Mi notò e sbuffò, i suoi occhi guardarono in alto.

Ragazzina, è reciproco, ma io sono educato!

Alle altre due compagne invece brillavano gli occhi mentre mi squadravano.

Mi presentò come un rompiscatole, poi mi seguì in silenzio verso la macchina.

Girò di nuovo attorno alla Cinquecento. Mi guardò con un solco tra le sopracciglia e le labbra piegate all'ingiù «Si può salire dietro?»

«Se proprio insisti, ti caccerò di dietro. I sedili posteriori di questa macchina sono stretti e scomodi. Sei bassa, forse ci stai. Ma vedi di non lamentarti». Le aprii la portiere anteriore e ribaltai lo schienale del sedile.

Si irrigidì e storse il naso. Tentò di entrare nel modo più dignitoso possibile dentro alla vettura, spingendosi con le gambe e tirando con le braccia, fece le migliori acrobazie per arrivare a sedersi di dietro.

Il cuore mi diventò più leggero e bloccai un brivido, una mezza risata. Mi trattenni dall'aiutarla. Cos'era, tenerezza, quella che sentivo per quella impacciata ragazzina? Di sicuro, era da tempo che non mi divertivo così.

Mi misi al volante e, nel momento in cui avviai la macchina, si coprì le orecchie. «Ma che cavolo» la sua voce stridette nell'abitacolo «Con una cosa del genere, non mi stupisce che tu fai l'eremita e sei senza amici».

Le lanciai un'occhiata veloce «Che tu faccia l'eremita e sia senza amici. E chi ti dice che non ho amici? Ne ho eccome. Ma eviterò di farteli conoscere».

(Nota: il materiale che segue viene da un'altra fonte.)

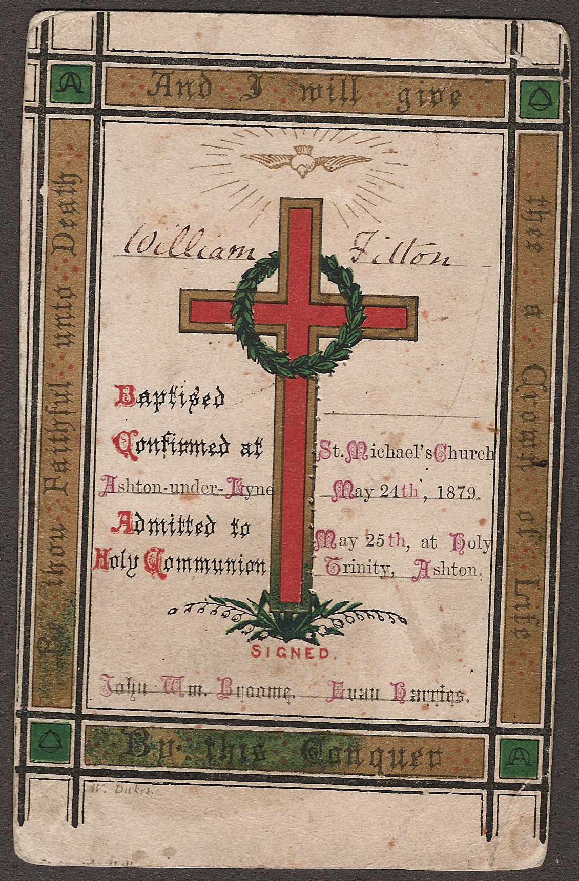 This card commemorating 3William Fitton’s Confirmation is on of the oldest original documents in the 20 Century Diary. It came from Bertha and Edwin’s collection of photographs etc, kept in an old tin and passed down to me. This confirmation is very late by modern standards as William would have been 18 at the time.
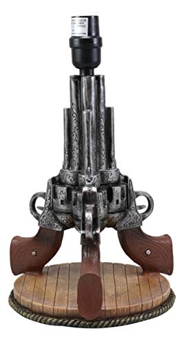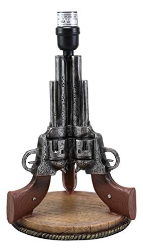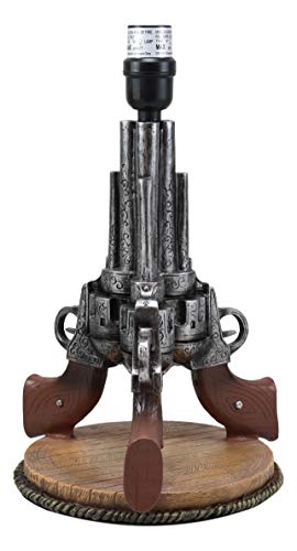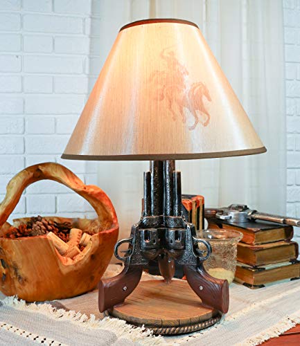 It uses only Type A light bulb (not included), Max 40 watt. Approx. 4 1/2 ft. UL Approved electric cord with a rocker on/off switch. This decorative desktop or table lamp adds a well lit frontier touch to any room decorated with Western or Southwest themed home accents. This western decoration is always a sensation for cowboys or lovers of the wild west. Featuring well detailed 3 revolver guns pointing up toward the sky supported by a round faux wood plank base. This lamp will illuminate your room with Western Charm!
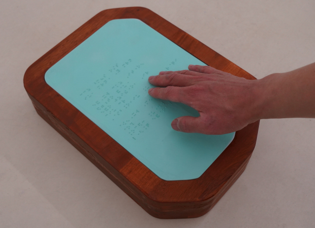 마지막은 한국과 네덜란드를 오가며 활동하는 김익명 작가가 준비한 ‘깊은 곳’ 시리즈이다. 작가는 특정 장소의 사회적, 생태적 맥락을 고려하는 사운드 아티스트다. 최근에는 여러 명의 예술가, 큐레이터, 연구자로 구성된 콜렉티브 ‘갯벌 랩’ 멤버로 활동하면서, 한국의 갯벌과 습지를 연구한 워크숍을 진행했다. 이번 시리즈는 고래의 이동이나 소통을 탐지하는 하이드로폰을 사용해, 낙동강의 수심 깊은 곳에서 발생하는 초저주파를 탐지, 수집한 후 이를 우리가 감각할 수 있도록 시각, 청각, 촉각적으로 재구현했다. 김 작가는 “직접 만난 따개비나 물길 움직임을 점자로 변환하는 등 작가로서 깨달음을 시청각적으로 구현하면서 우리가 들어갈 수 없는 ‘깊은 곳’이라는 제목으로 상상했다”고 설명했다.
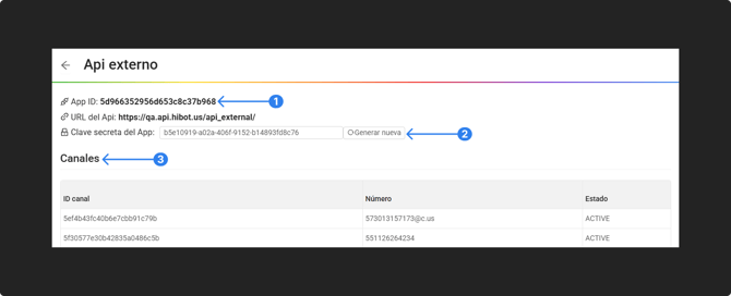 - Url del api: Es la url BASE que contiene todos los llamados, cada uno de los diferentes endpoints que puede utilizar el cliente va despues de esta url base, como por ejemplo: .../pdn.api.hibot.us/api_external/login, .../pdn.api.hibot.us/api_external/*messages*.

Nel viaggio di ritorno non stette zitta un secondo. Parlò dei suoi nuovi amici e di come avrebbe potuto ascoltare gli 'Y●EL●L' in compagnia. Non accennò né alla scuola né allo studio e quello, nella mia testa, si tradusse in una moltitudine di D, cioè insufficienze.

«Tanto è inutile che ti parlo. Detesti gli 'Y●EL●L'» concluse.

Detestavo EL, ma il fastidio che mi provocava il suo continuo parlarne, quel senso di oppressione al petto e di voglia di rivalsa, era persino peggiore.

«No, sono le fangirl come te che non mi entusiasmano molto» Tagliai corto.

«Ah, quindi detesti me» sottolineò l'ultima sillaba.

La detestavo? Non era esatto. Mi scuoteva i nervi, lei era la sottile ossessione che mi stava prendendo dal giorno prima, che ancora non riuscivo a controllare. «Non ho detto che ti detesto. Per me sei come...» Ci pensai. Tutta la mattina avevo cercato di ignorare la risata di Nate, non avevo fatto altro che cercare di mettere sui tasti una musica che mi tormentava dalla sera prima. Quella melodia era più forte quando lei era vicina. Ma incontrollabile. E più ci pensavo, meno sapevo che parole metterci sopra.

«Una melodia fuori tempo, ecco».

Con grande soddisfazione dei miei timpani, seguì un silenzio rilassante.

Parcheggiai nel garage, c'era già la macchina di mia madre, segno che c'era anche quella della ragazzina. Non riuscivo a inquadrare nemmeno quella donna, ma mi dava delle vibrazioni negative, le occhiate di sbieco che mi arrivavano mi avevano fatto capire che non ero di suo gradimento.

La fangirl entrò con me dalla porta sul retro e subito la madre le fu addosso. «Jennifer! Tutto bene? Sei arrivata tardi!». Mi lanciò l'ennesimo sguardo minaccioso.

Mi misi le mani in tasca sporgendomi di lato. L'orologio a pendolo dietro la scala segnava pochi minuti oltre le tre.

Questa donna è un cronometro, o cosa?